Agencja AFP podała, że wśród ewakuowanych z Machu Picchu są m.in. Francuzi, Japończycy, Amerykanie, Polacy, Brazylijczycy, Niemcy i Portugalczycy.
Konflikt, który z protestu przerodził się w starcia dotyczy linii autobusowej, którą turyści pokonują ostatni odcinek trasy do Machu Picchu, najsławniejszej atrakcji turystycznej Peru.
Akcja protestacyjna na szczycie
Lokalni mieszkańcy domagają się, aby kontrakt na jej obsługę przyznać jednej z miejscowych firm. Twierdzą, że upłynął już termin 30-letniej koncesji wydanej zewnętrznemu przewoźnikowi. Organizujący protest Front Obrony Machu Picchu zapowiedział w niedzielę, że akcja będzie trwała do czasu rozpoczęcia działalności przez nową firmę transportową.
Protestujący zablokowali tory kolejowe, a w starciach z nimi obrażenia odniosło 14 policjantów - przekazała AFP.
Peru: Thousands of Tourists Stranded in Machu Picchu Amid Bus Drivers’ Protests
— NEXTA (@nexta_tv) September 17, 2025
Around 1,300 people were trapped in the ancient city after 150 protesters blocked the railway line.

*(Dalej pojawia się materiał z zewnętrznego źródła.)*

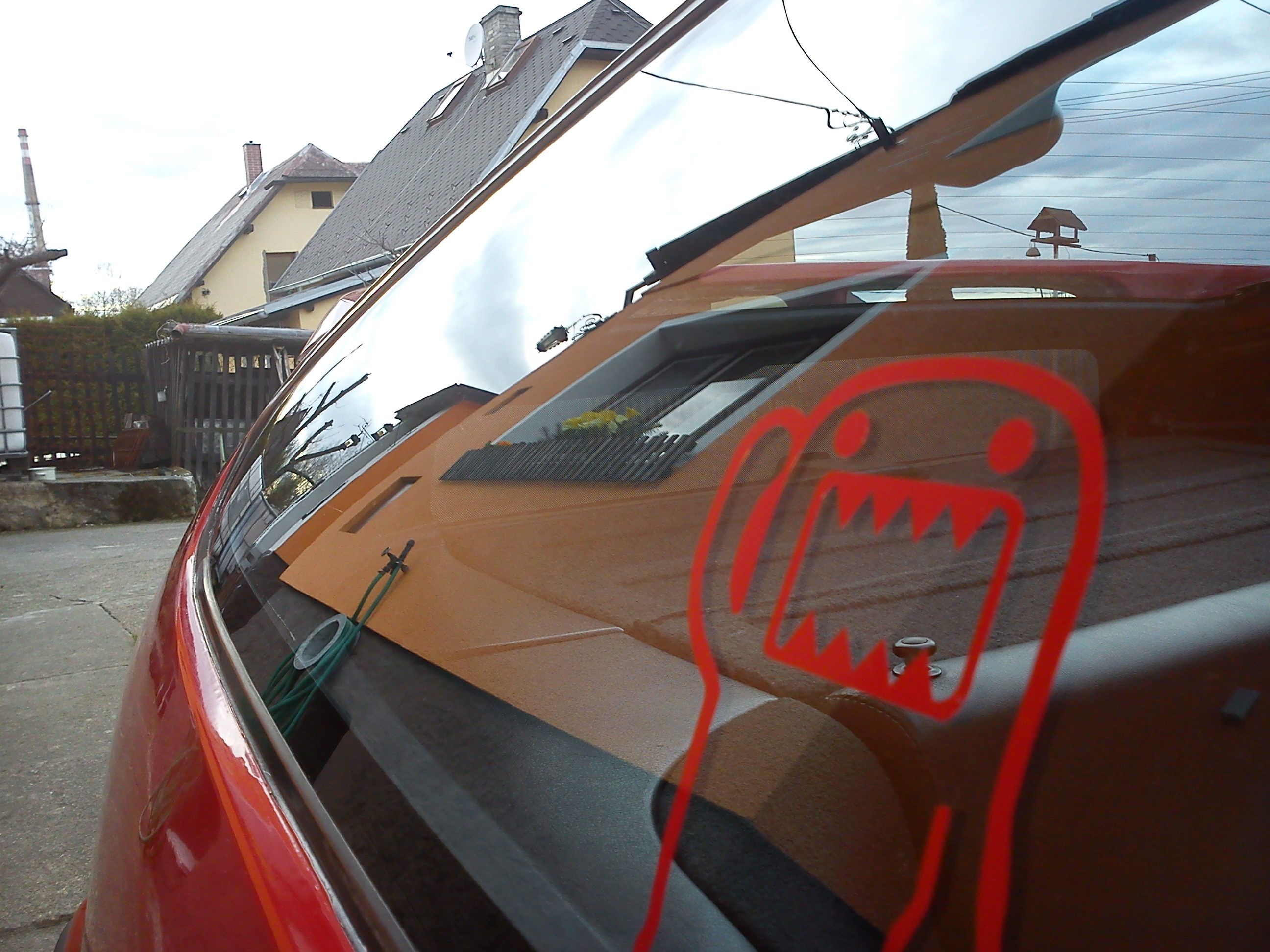 Udělal jsem si nápis na čelní sklo, je to zrcadlově zevnitř aby to něco vydrželo ale stejně se budou muset ještě vytlačit všechny bublinky aby to trošku vypadalo.
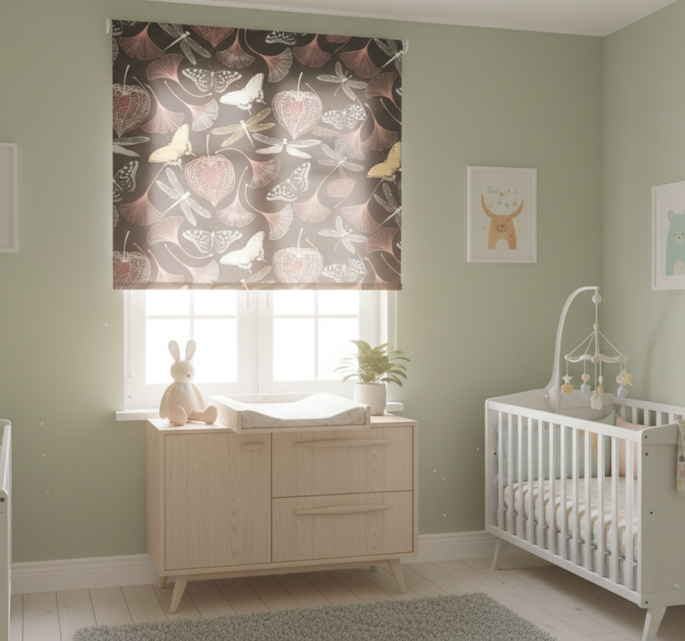 Rullgardin barn rosa blad svart fjärilsmönster

The demonstrators accuse the railway company of unfair competition and demand that buses be… pic.twitter.com/xXicUYkAvT
Leżące na wysokości 2438 metrów n.p.m. Machu Picchu odwiedza średnio 4,5 tys. turystów dziennie. Jest uznawane za najlepiej zachowane miasto Inków. Zbudowano je w XV wieku, a odkryto dla współczesnych w 1911 r.
To nie pierwsze protesty w tym miejscu, które zakończyły się ewakuacją turystów.